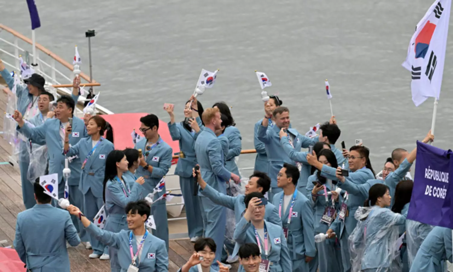 படகு அணிவகுப்பில் தென் கொரியா அணியினர். ... பாரீஸ் ஒலிம்பிக் கோலாகல தொடக்கம் - இந்திய தேசியக் கொடியை ஏந்திச்சென்ற சரத்கமல், பி.வி.சிந்து
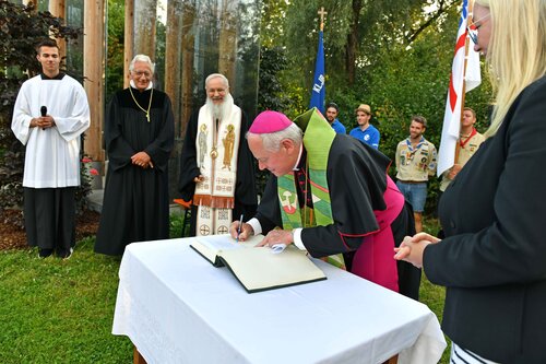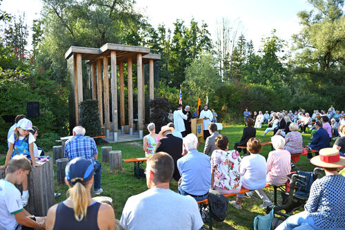 Rund 200 Gläubige haben sich an diesem Sonntagabend zum Eröffnungsgottesdienst der Ökumenischen Schöpfungszeit zwischen Fahrradweg und Flurstücken, Baumgruppen und Baggersee versammelt. Die Feier an einer der sieben Weg-Kapellen der Denzel-Stiftung in Gundelfingen-Peterswörth (Dekanat Dillingen) stand heuer unter dem Motto: „Damit Ströme lebendigen Wassers fließen“. Sie wurde geleitet vom rumänisch-orthodoxen Erzbischof Dr. Serafim Joantă, dem evangelischen Regionalbischof Axel Piper und Weihbischof Dr. Dr. Anton Losinger, der Bischof Bertram vertrat. Er wurde kurzfristig gebeten, als Repräsentant der Deutschen Bischofskonferenz auf einem G20-Treffen in Bologna teilzunehmen.
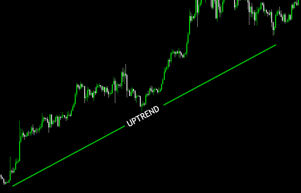 An uptrend usually means higher highs and higher lows.
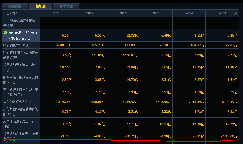 每一年的經(jīng)營(yíng)現(xiàn)金凈流量都是大幅負(fù)值,這樣的報(bào)表,說明利潤(rùn)很可能九成九都是虛增的,甚至是完全虛假的。
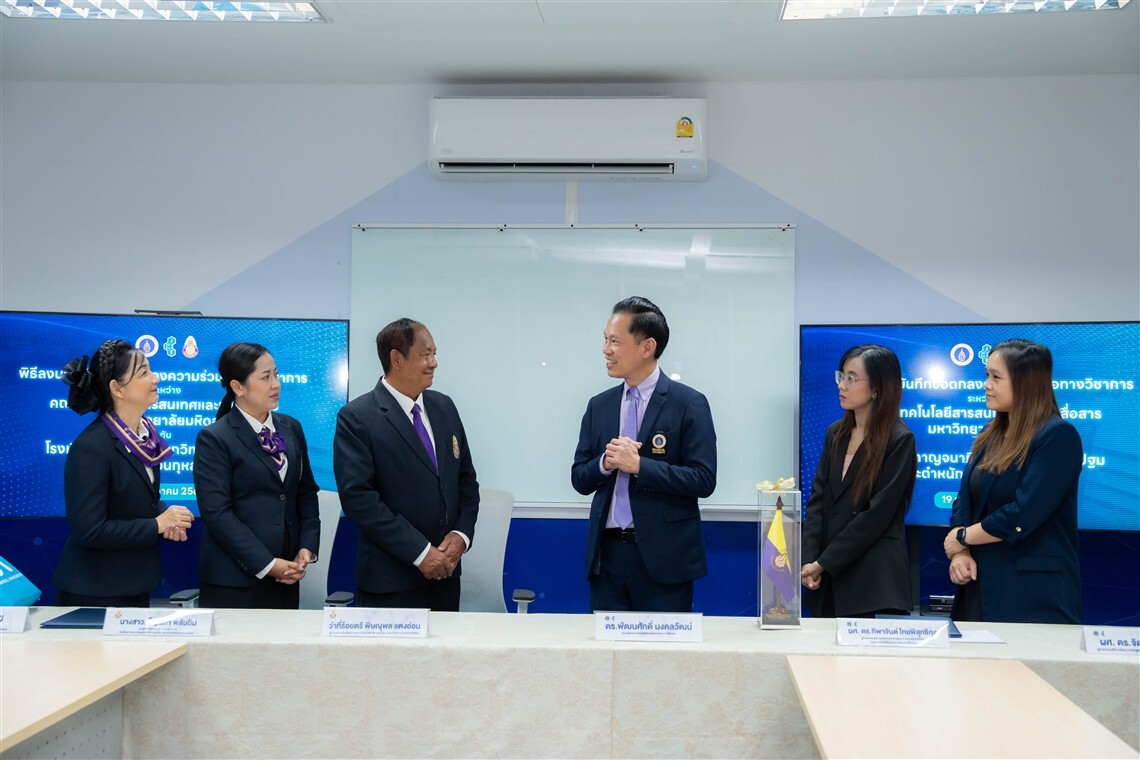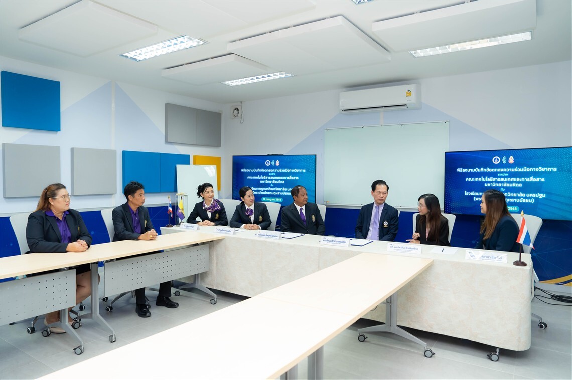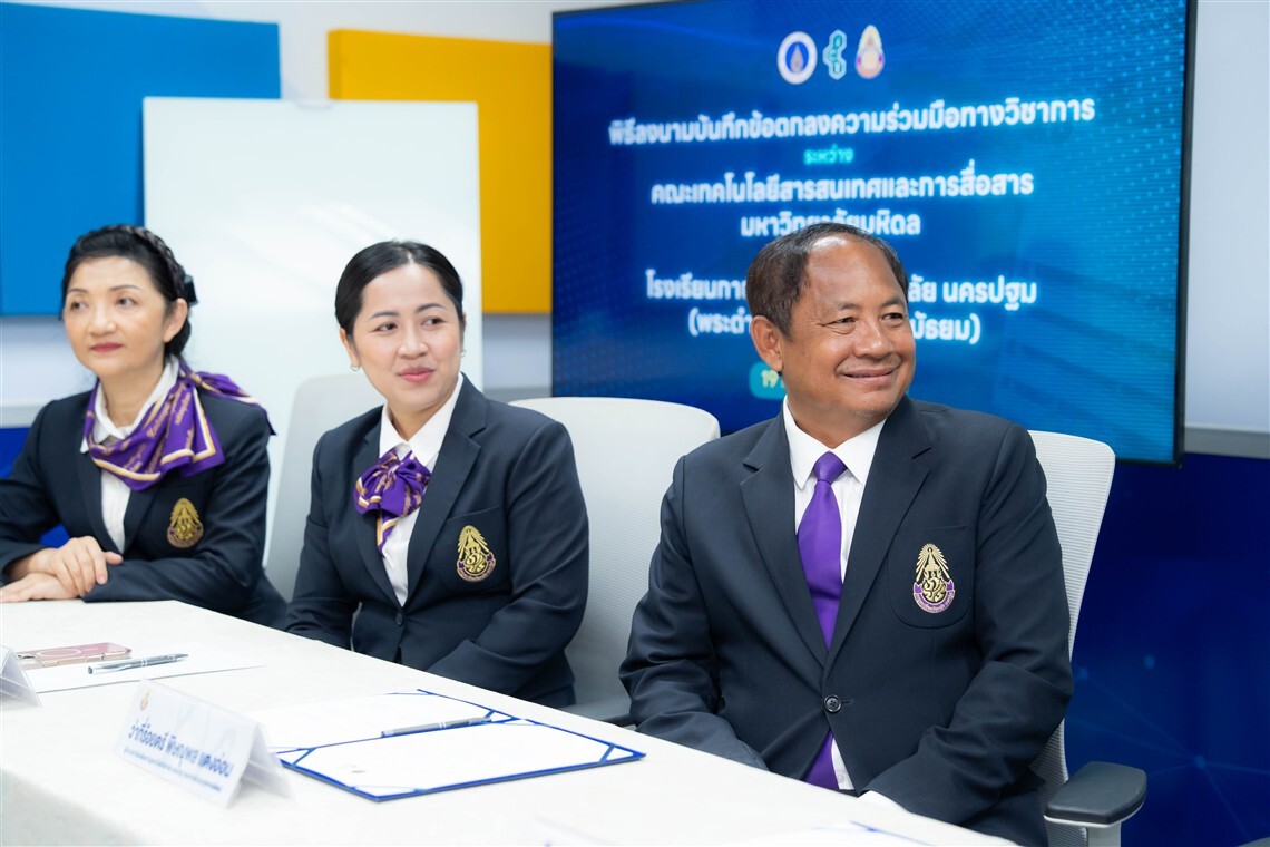 วันที่ 19 กรกฎาคม 2568 ดร.พัฒนศักดิ์ มงคลวัฒน์ คณบดี คณะเทคโนโลยีสารสนเทศและการสื่อสาร มหาวิทยาลัยมหิดล (ICT Mahidol) ร่วมลงนามบันทึกข้อตกลงความร่วมมือทางวิชาการ (MoU) กับ ว่าที่ร้อยตรี พิษณุพล แตงอ่อน ผู้อำนวยการโรงเรียนกาญจนาภิเษกวิทยาลัย นครปฐม (พระตำหนักสวนกุหลาบมัธยม) โดยมี ผศ.ดร.ทิพาจินต์ ไทยพิสุทธิกุล ผู้ช่วยคณบดีฝ่ายบริการวิชาการและถ่ายทอดเทคโนโลยี และ ผศ.ดร.จิดาภา ไกรสังข์ ผู้ช่วยคณบดีฝ่ายพัฒนาหลักสูตร คณะ ICT พร้อมด้วย อาจารย์เพ็ญนภา พลับฉิม รองผู้อำนวยการ กลุ่มบริหารวิชาการ ดร.กมลชนก ภาคภูมิ หัวหน้ากลุ่มบริหารวิชาการ และคณะครูของโรงเรียนฯ ร่วมเป็นสักขีพยาน ณ ห้อง A2 คณะ ICT มหาวิทยาลัยมหิดล ศาลายา
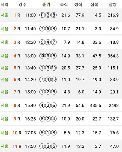 10개 경주에서 강운수(1,2,7) 및 조합 패턴이 출현했다. 8개 경주에서 메인 1의 수가 나왔다.
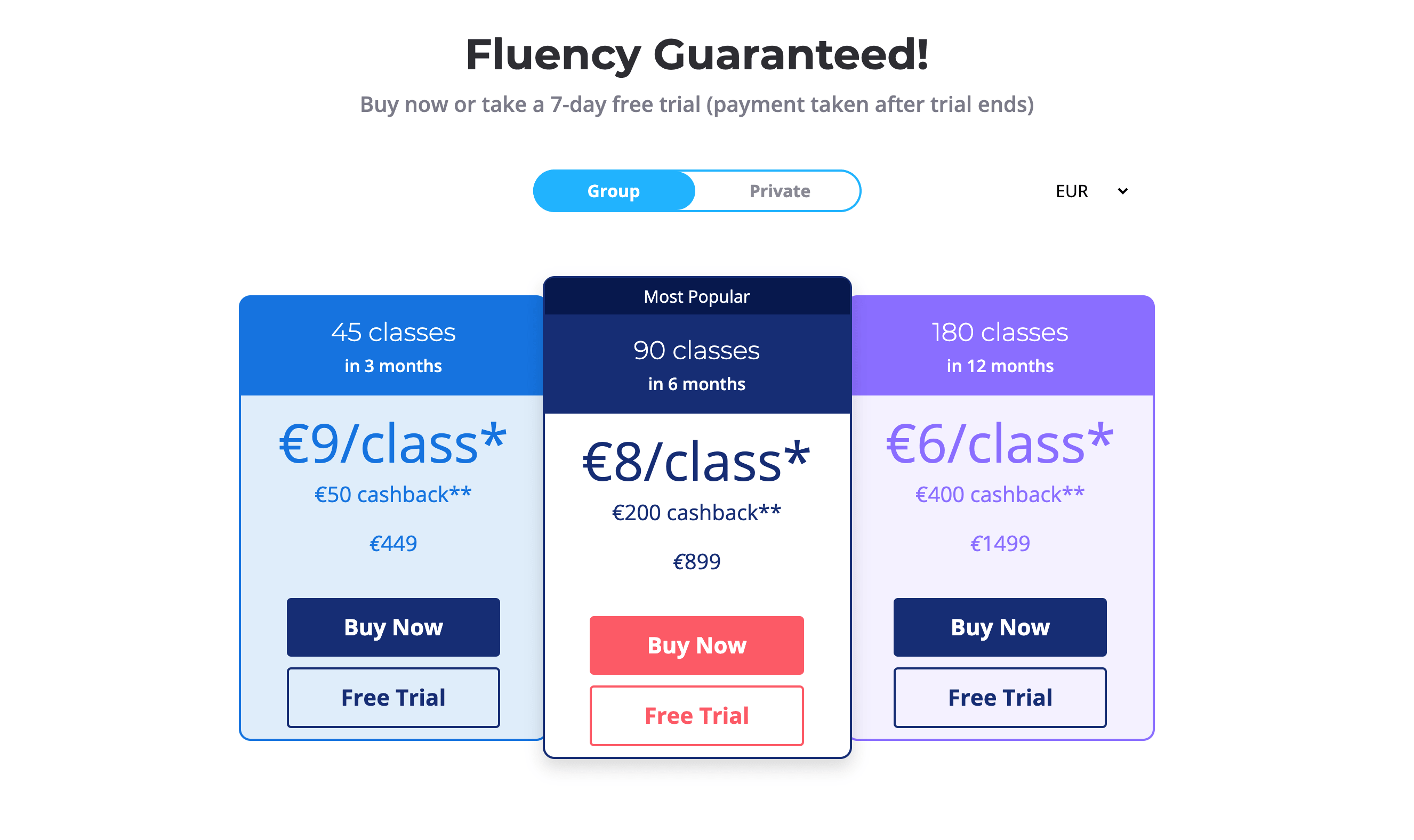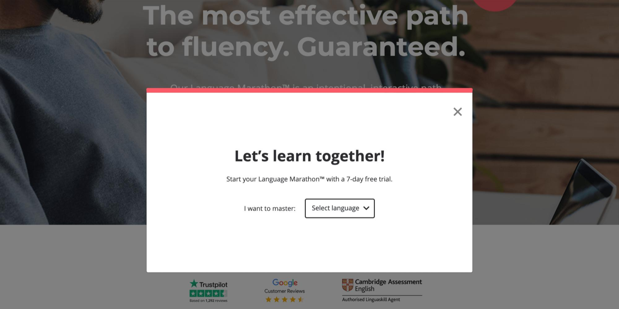일단 홈페이지로 가서 Monthly, Marathon, Sprint 중에 어떤 방식으로 배울지 메뉴에서 선택하면 이렇게 언어를 선택하라는 창이 뜬다. 나는 마라톤에 독일어를 선택했다.
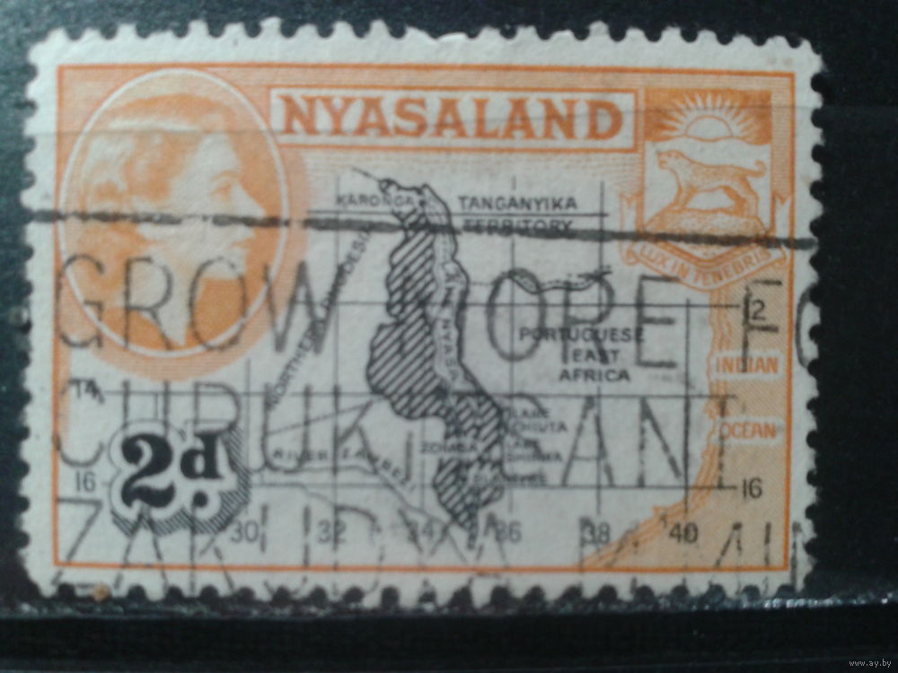 Ньясаленд, 1953. Королева Елизавета II и карта Ньясаленда
______
**ACTIVITY**
Leave out all images, then reproduce the entries above exactly.

**RESPONSE TO THE TASK**
 படகு அணிவகுப்பில் தென் கொரியா அணியினர். ... பாரீஸ் ஒலிம்பிக் கோலாகல தொடக்கம் - இந்திய தேசியக் கொடியை ஏந்திச்சென்ற சரத்கமல், பி.வி.சிந்து
 Rund 200 Gläubige haben sich an diesem Sonntagabend zum Eröffnungsgottesdienst der Ökumenischen Schöpfungszeit zwischen Fahrradweg und Flurstücken, Baumgruppen und Baggersee versammelt. Die Feier an einer der sieben Weg-Kapellen der Denzel-Stiftung in Gundelfingen-Peterswörth (Dekanat Dillingen) stand heuer unter dem Motto: „Damit Ströme lebendigen Wassers fließen“. Sie wurde geleitet vom rumänisch-orthodoxen Erzbischof Dr. Serafim Joantă, dem evangelischen Regionalbischof Axel Piper und Weihbischof Dr. Dr. Anton Losinger, der Bischof Bertram vertrat. Er wurde kurzfristig gebeten, als Repräsentant der Deutschen Bischofskonferenz auf einem G20-Treffen in Bologna teilzunehmen.
 An uptrend usually means higher highs and higher lows.
 每一年的經(jīng)營(yíng)現(xiàn)金凈流量都是大幅負(fù)值,這樣的報(bào)表,說明利潤(rùn)很可能九成九都是虛增的,甚至是完全虛假的。
 วันที่ 19 กรกฎาคม 2568 ดร.พัฒนศักดิ์ มงคลวัฒน์ คณบดี คณะเทคโนโลยีสารสนเทศและการสื่อสาร มหาวิทยาลัยมหิดล (ICT Mahidol) ร่วมลงนามบันทึกข้อตกลงความร่วมมือทางวิชาการ (MoU) กับ ว่าที่ร้อยตรี พิษณุพล แตงอ่อน ผู้อำนวยการโรงเรียนกาญจนาภิเษกวิทยาลัย นครปฐม (พระตำหนักสวนกุหลาบมัธยม) โดยมี ผศ.ดร.ทิพาจินต์ ไทยพิสุทธิกุล ผู้ช่วยคณบดีฝ่ายบริการวิชาการและถ่ายทอดเทคโนโลยี และ ผศ.ดร.จิดาภา ไกรสังข์ ผู้ช่วยคณบดีฝ่ายพัฒนาหลักสูตร คณะ ICT พร้อมด้วย อาจารย์เพ็ญนภา พลับฉิม รองผู้อำนวยการ กลุ่มบริหารวิชาการ ดร.กมลชนก ภาคภูมิ หัวหน้ากลุ่มบริหารวิชาการ และคณะครูของโรงเรียนฯ ร่วมเป็นสักขีพยาน ณ ห้อง A2 คณะ ICT มหาวิทยาลัยมหิดล ศาลายา
 10개 경주에서 강운수(1,2,7) 및 조합 패턴이 출현했다. 8개 경주에서 메인 1의 수가 나왔다.
일단 홈페이지로 가서 Monthly, Marathon, Sprint 중에 어떤 방식으로 배울지 메뉴에서 선택하면 이렇게 언어를 선택하라는 창이 뜬다. 나는 마라톤에 독일어를 선택했다.
 Ньясаленд, 1953. Королева Елизавета II и карта Ньясаленда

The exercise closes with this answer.